METHODS: Adipose tissue senses and responds to systemic changes in growth factor and nutrient availability; in cells mTORC1 regulates metabolism in response to growth factors and nutrients. Thus, mTORC1 is poised to be a critical intracellular regulator of adipocyte metabolism. Here, we investigate the role of mTORC1 in mature adipocytes by generating and characterizing mice in which the Adiponectin-Cre driver is used to delete floxed alleles of Raptor, which encodes an essential regulatory subunit of mTORC1.

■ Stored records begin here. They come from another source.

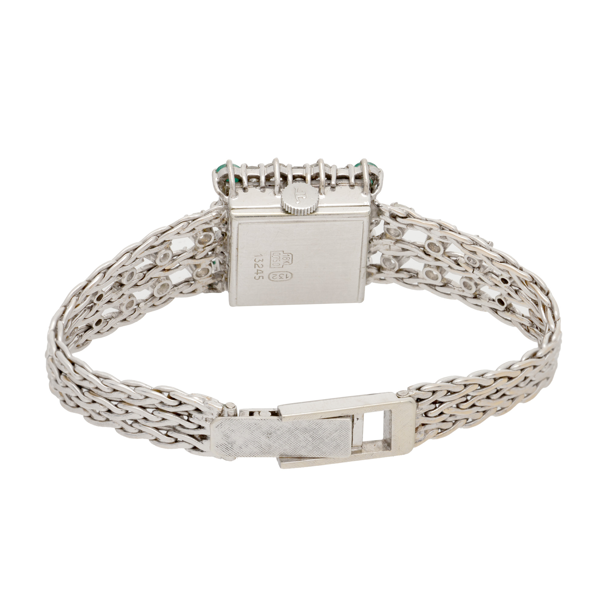 46. Rar ceas Jaeger LeCoultre, din aur alb, cu diamante și smaralde, de mână, de damă [Cca. 1970]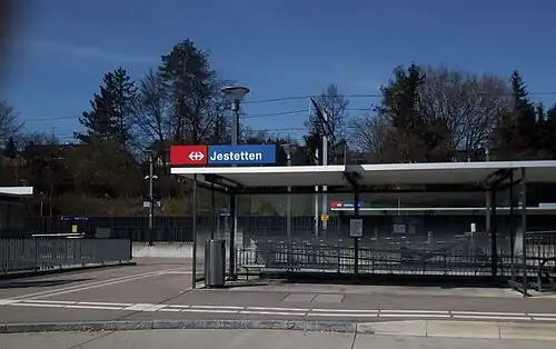Jestetten is a railway station in the German state of Baden-Württemberg, located in the municipality of Jestetten in the district of Waldshut. Despite its location in Germany, it is owned and operated by Swiss Federal Railways.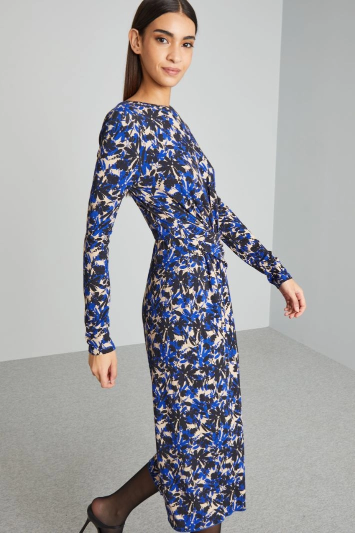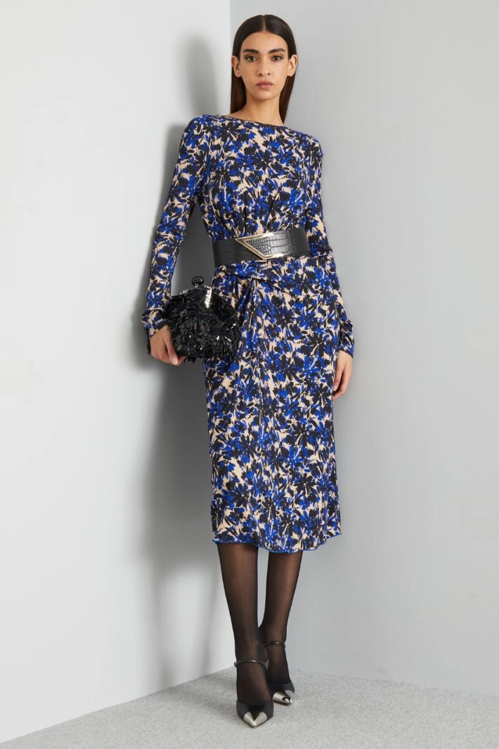 Abito a tubino realizzato in jersey crépe di viscosa stretch stampato, con scollo a giro sul davanti e a V nel retro, maniche lunghe e motivo annodato sul fianco.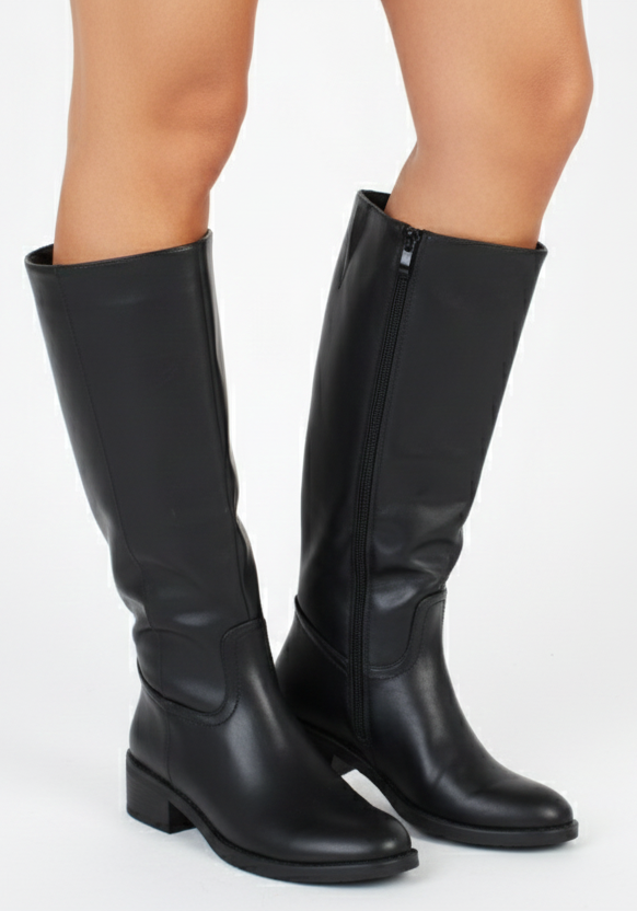 CZARNE DAMSKIE KOZAKI SKÓRZANE NA SŁUPKU ZAMEK RAMMA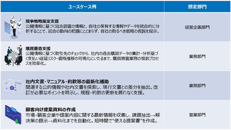 国内のオフィスワークにおいては、文書作成や情報収集、調整業務などの定型作業が依然として大きな負担となっており、属人化や品質のばらつきが生じています。また、人口減少による労働力不足といった社会課題は不可避であり、定型作業の効率化は急務であると認識しています。

RESULTS: Raptor (Adipoq-cre) mice have normal white adipose tissue (WAT) mass for the first few weeks of life, but soon thereafter develop lipodystrophy associated with hepatomegaly, hepatic steatosis, and insulin intolerance. Raptor (Adipoq-cre) mice are also resistant to becoming obese when consuming a high fat diet (HFD). Resistance to obesity does not appear to be due to increased energy expenditure, but rather from failed adipose tissue expansion resulting in severe hepatomegaly associated with hyperphagia and defective dietary lipid absorption. Deleting Raptor in WAT also decreases C/EBPalpha expression and the expression of its downstream target adiponectin, providing one possible mechanism of mTORC1 function in WAT.
CONCLUSIONS: mTORC1 activity in mature adipocytes is essential for maintaining normal adipose tissue growth and its selective loss in mature adipocytes leads to a progressive lipodystrophy disorder and systemic metabolic disease that shares many of the hallmarks of human congenital generalized lipodystrophy.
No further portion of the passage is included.